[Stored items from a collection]
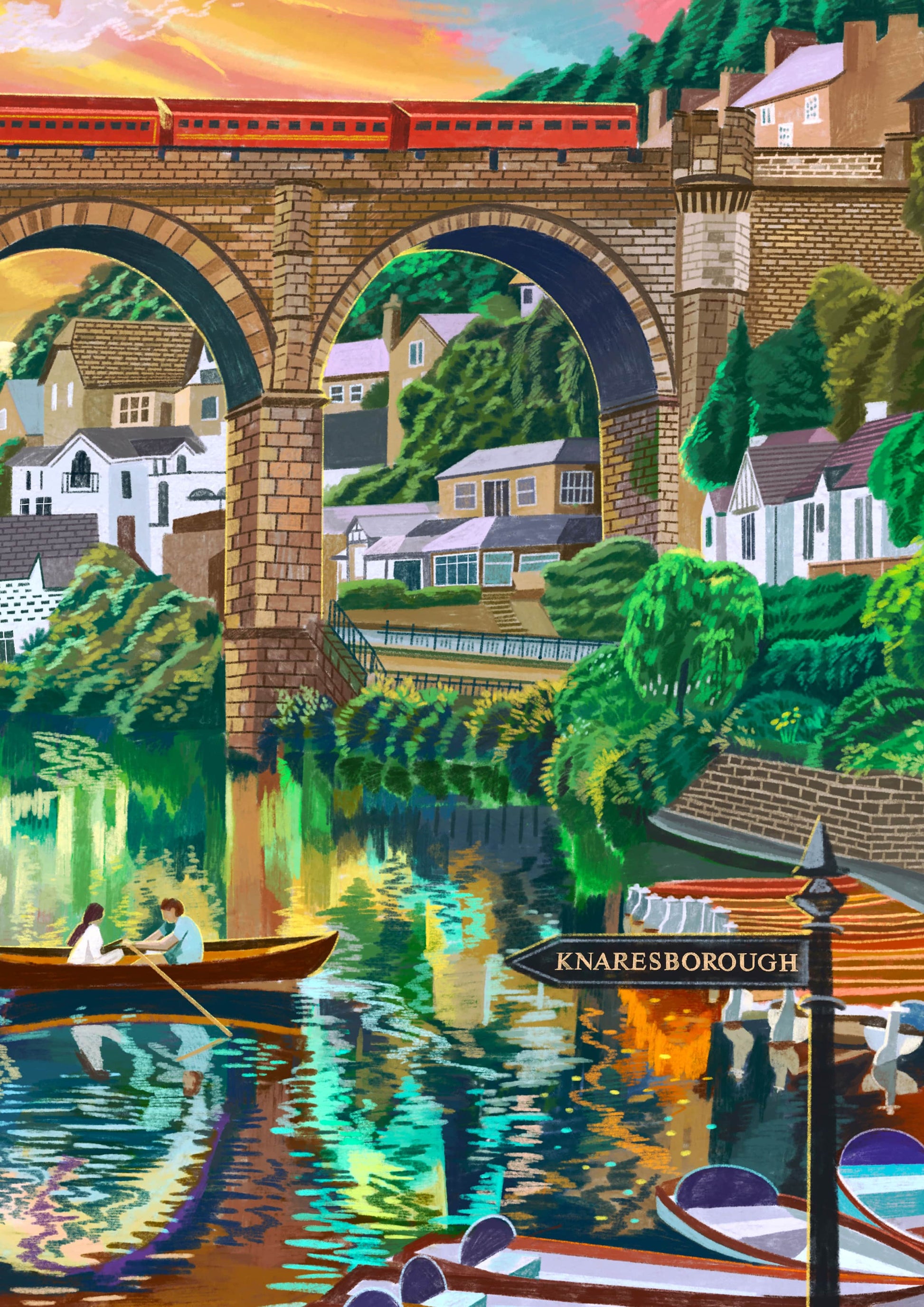 This viewing spot is just 10 minutes from Knaresborough station and can also be viewed from above at the Knaresborough Castle and Courthouse Museum. You can also rent a boat yourself to explore the River Nidd from the Marigold Cafe and Boat Hire on the banks of the river as seen in the artwork.
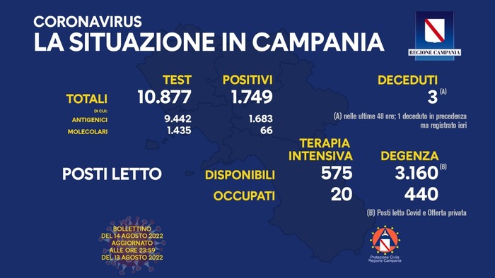 Sono 1749, in Campania, i neo positivi al Covid su 10877 test esaminati.
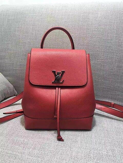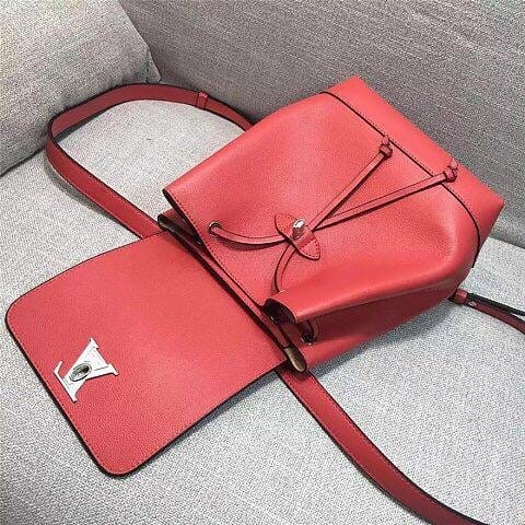 LV 41815官方春夏款柔软的头层皮标志性的LV扭锁设计女士双肩包
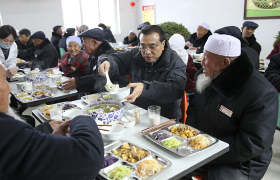 李克强2月1日来到宁夏固原市原州区中心敬老院,与老人们在一起过小年。总理与坐在身旁的回族老人马安仓边吃边拉家常,称赞老人“红光满面”,还给他盛了一碗热气腾腾的饺子。随后,李克强起身举起手中的热饮,祝愿各位老人身体健康,幸福长寿。
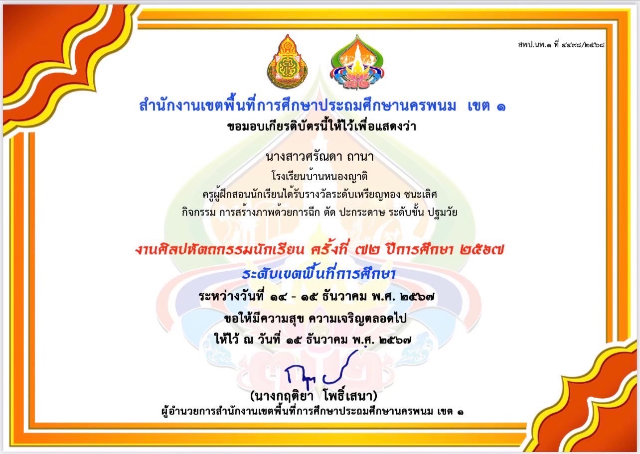 รางวัลระดับเหรียญเงิน กิจกรรม การแข่งขันการประดิษฐ์งานใบตอง ประเภทบายศรีปากชาม ระดับชั้น ป.1-6
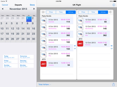 The real simplest DOMESTIC flight search application that you can compare price from major local airlines in UK, quickly and easily from your iPhone/iPad. All available flights are provided in 3 categories; by price, departure time, and by airlines, to maximally facilitate your comparison.
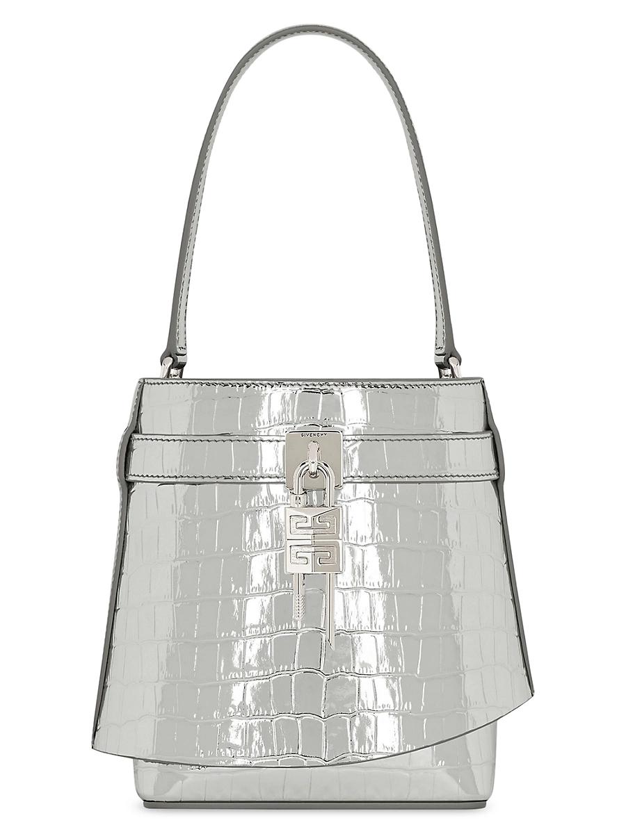 Shark Lock bucket bag in crocodile effect leather. Bucket bag in crocodile-effect embossed metallic leather, to be carried by hand Shark Lock line Leather handles for comfortable hand carry Thin adjustable and removable leather strap offering shoulder or crossbody carrying Leather band featuring Givenchy metal clasp and 4G padlock Silvery-finish metal details One main compartment Canvas lining 7.87 in. x 7.48 in. x 5.71 in. Composition: 100% calfskin Secondary material: 100% sheep leather Made in Italy. Lsd Handbags - Givenchy > Givenchy > Saks Fifth Avenue > Barneys. Givenchy. Color: Light Silvery.
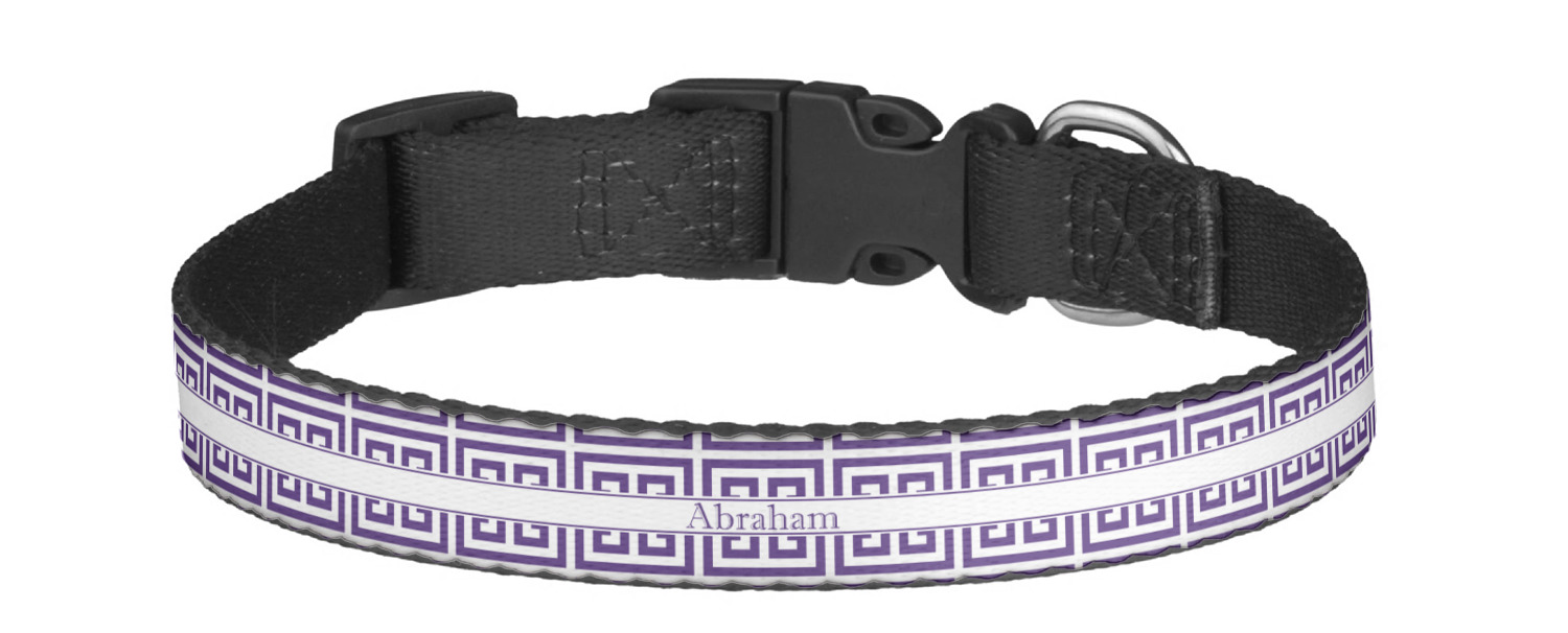 This sturdy collar, made from a durable nylon weave, will outlive your dog's episodes of excited tugging and pulling. Courtesy of its thick plastic buckle and adjuster, this collar is adjustable and accommodating of any dog. Structurally, the collar is a single piece of nylon weave that is sewn together, and features a solid metal loop where you can attach a leash or dog tag. We print and display your dog's name and pattern across the middle of the personalized dog collar.

▶ ABOUT THIS EXERCISE: Please, without any pictures, retype the records exactly as they appear.

▶ COMPLETED TASK:
 This viewing spot is just 10 minutes from Knaresborough station and can also be viewed from above at the Knaresborough Castle and Courthouse Museum. You can also rent a boat yourself to explore the River Nidd from the Marigold Cafe and Boat Hire on the banks of the river as seen in the artwork.
 Sono 1749, in Campania, i neo positivi al Covid su 10877 test esaminati.
 LV 41815官方春夏款柔软的头层皮标志性的LV扭锁设计女士双肩包
 李克强2月1日来到宁夏固原市原州区中心敬老院,与老人们在一起过小年。总理与坐在身旁的回族老人马安仓边吃边拉家常,称赞老人“红光满面”,还给他盛了一碗热气腾腾的饺子。随后,李克强起身举起手中的热饮,祝愿各位老人身体健康,幸福长寿。
 รางวัลระดับเหรียญเงิน กิจกรรม การแข่งขันการประดิษฐ์งานใบตอง ประเภทบายศรีปากชาม ระดับชั้น ป.1-6
 The real simplest DOMESTIC flight search application that you can compare price from major local airlines in UK, quickly and easily from your iPhone/iPad. All available flights are provided in 3 categories; by price, departure time, and by airlines, to maximally facilitate your comparison.
 Shark Lock bucket bag in crocodile effect leather. Bucket bag in crocodile-effect embossed metallic leather, to be carried by hand Shark Lock line Leather handles for comfortable hand carry Thin adjustable and removable leather strap offering shoulder or crossbody carrying Leather band featuring Givenchy metal clasp and 4G padlock Silvery-finish metal details One main compartment Canvas lining 7.87 in. x 7.48 in. x 5.71 in. Composition: 100% calfskin Secondary material: 100% sheep leather Made in Italy. Lsd Handbags - Givenchy > Givenchy > Saks Fifth Avenue > Barneys. Givenchy. Color: Light Silvery.
 This sturdy collar, made from a durable nylon weave, will outlive your dog's episodes of excited tugging and pulling. Courtesy of its thick plastic buckle and adjuster, this collar is adjustable and accommodating of any dog. Structurally, the collar is a single piece of nylon weave that is sewn together, and features a solid metal loop where you can attach a leash or dog tag. We print and display your dog's name and pattern across the middle of the personalized dog collar.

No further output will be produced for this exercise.